The researchers all work at institutions that might themselves benefit from increased energy research spending, but other experts not involved in the work said the new analysis was an important, and sobering, refinement of earlier projections.

As they now exist, most energy technologies, the scientists said, "have severe deficiencies." Solar panels, new nuclear power options, windmills, filters for fossil fuel emissions and other options are either inadequate or require vastly more research and development than is currently planned in the United States or elsewhere, they said.

The assessment contrasts with an analysis of climate-friendly energy options made last year by the Intergovernmental Panel on Climate Change, an international panel of experts that works under United Nations auspices. That analysis concluded that existing technologies, diligently applied, would solve much of the problem.

One author of the new analysis, Dr. Haroon S. Kheshgi, is a chemical engineer for Exxon Mobil, whose primary focus remains oil, which along with coal generates most of the carbon dioxide accumulating in the air from human activities.

Still, Dr. Kheshgi said on Thursday that "climate change is a serious risk" requiring a shift away from fossil fuels. "You need a quantum jump in technology," he said. "What we’re talking about here is a 50- to 100-year time scale."

Dr. Martin I. Hoffert, the lead author and a New York University physics professor, said he was convinced the technological hurdles could be overcome, but worried that the public and elected officials may not see the urgency.

In interviews, several of the authors and other experts said there were few signs that major industrial nations were ready to engage in an ambitious quest for clean energy.

Prof. Richard L. Schmalensee, a climate-policy expert and the dean of the Massachusetts Institute of Technology Sloan School of Management, said the issue of climate change remained too complex and contentious to generate the requisite focus. "There is no substitute for political will," he said.

The Bush administration has resisted sharp shifts in energy policy while Europe and Japan have accepted a climate treaty, the Kyoto Protocol, that includes binding deadlines for modest cuts in gas emissions. At international climate talks that end today in New Delhi, leaders of developing countries rejected limits on their fast-growing use of fossil fuels, saying rich countries should act first.
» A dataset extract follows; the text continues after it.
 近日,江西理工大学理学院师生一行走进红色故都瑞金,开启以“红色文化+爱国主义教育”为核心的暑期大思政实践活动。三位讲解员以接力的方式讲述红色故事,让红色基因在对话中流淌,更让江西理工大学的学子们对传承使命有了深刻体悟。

President Bush has called for more research, led by the Energy Department, on many of the technologies examined in the new analysis. But some energy and climate experts said the extent of the challenge would likely require far more focus and money than now exists.
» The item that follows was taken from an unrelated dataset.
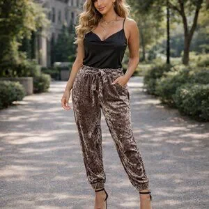 NWOT Mocha Crushed Velvet Velour Very Soft Relaxed Fit Joggers Pants
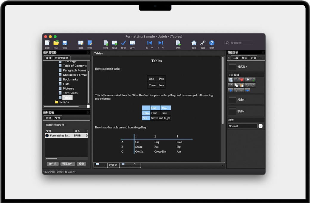 Jutoh 以 Epub 2 和 Epub 3、Kindle (Mobipocket)、HTML、CBZ 和纯文本格式创建电子书。Epub 和 Kindle 满足大多数要求 - Epub 是电子书阅读器制造商和出版商支持最多的标准,包括 Apple、Google、Barnes & Noble 和 Kobo,而 Mobipocket 则覆盖亚马逊的 Kindle 平台。

Among the possibilities are space-based arrays of solar panels that might beam energy to earth using microwaves. The panel described various nuclear options, including the still-distant fusion option and new designs for fission-based power plants that might overcome limits on uranium and other fuels.

Planting forests, which absorb carbon dioxide, cannot possibly keep up with the anticipated growth in energy use as developing countries become industrialized and as global population rises toward nine billion or more, the panel said.
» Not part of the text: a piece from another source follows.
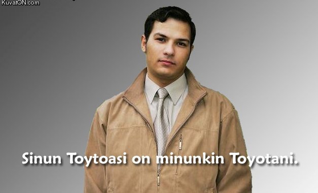 Tuo mainoslause kyl kuulostaa vähä somalin sanomalta. Tosin kyseinen lause voisi tulla somalin suusta muodossa "Sinun Toyota olla nyt minun Toyota"
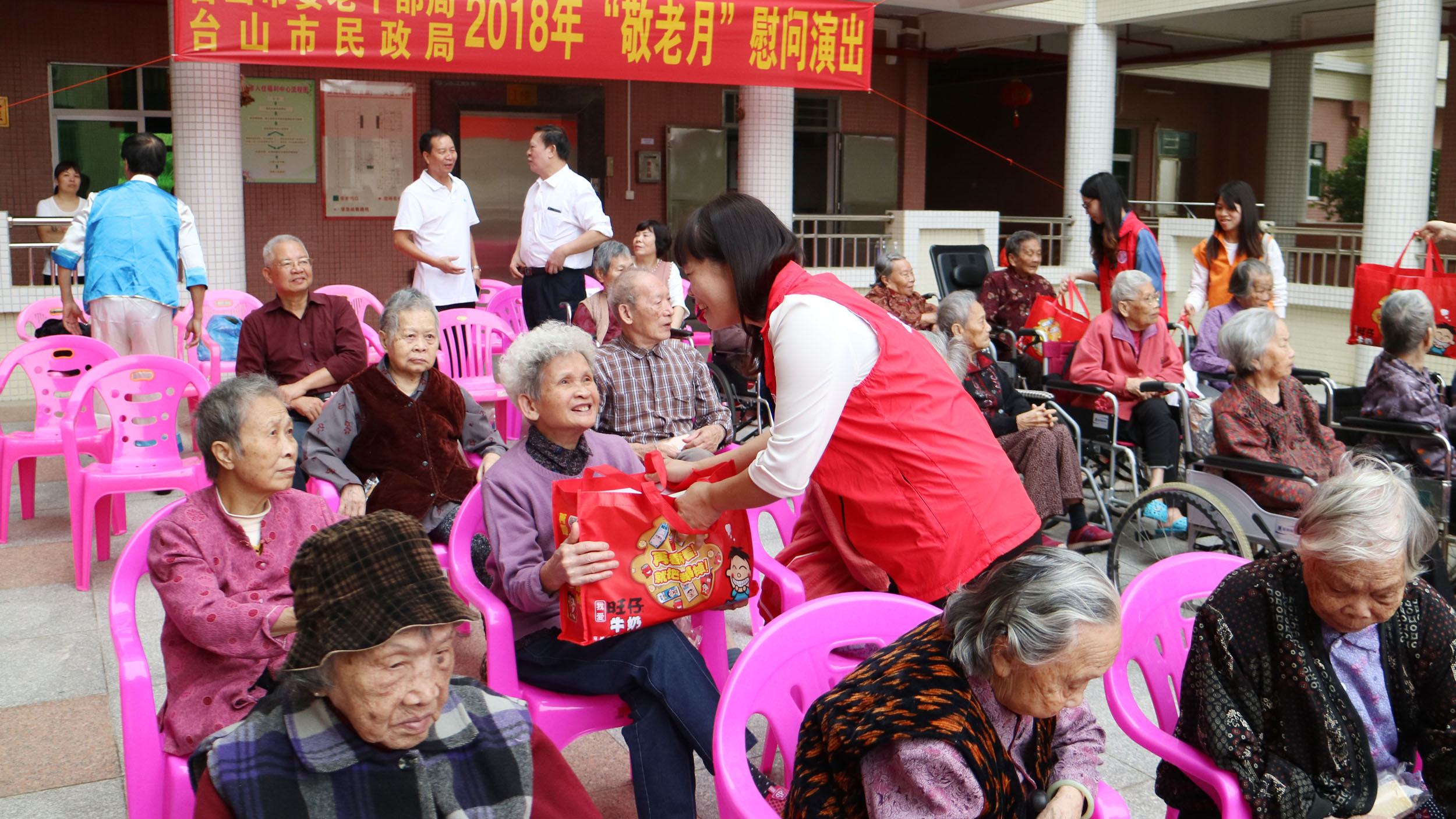 10月16日,台山市民政局老龄办联合市委老干部局,走访慰问台山市社会福利院老人们,给他们送温暖、献爱心,送上慰问礼品。市老干部活动中心文艺团为他们献上了一场精彩文艺表演,使在院的老人们在欢声笑语中度过一个愉快的下午,表演受到老人们的一致称赞和好评。

Some environmental campaigners criticized the study’s focus on still-distant technologies, saying it could distract from the need to do what is possible now to reduce emissions of warming gases.

"Techno-fixes are pipe dreams in many cases," said Kert Davies, research director for Greenpeace, which has been conducting a broad campaign against Exxon Mobil. "The real solution," he said, "is cutting the use of fossil fuels by any means necessary."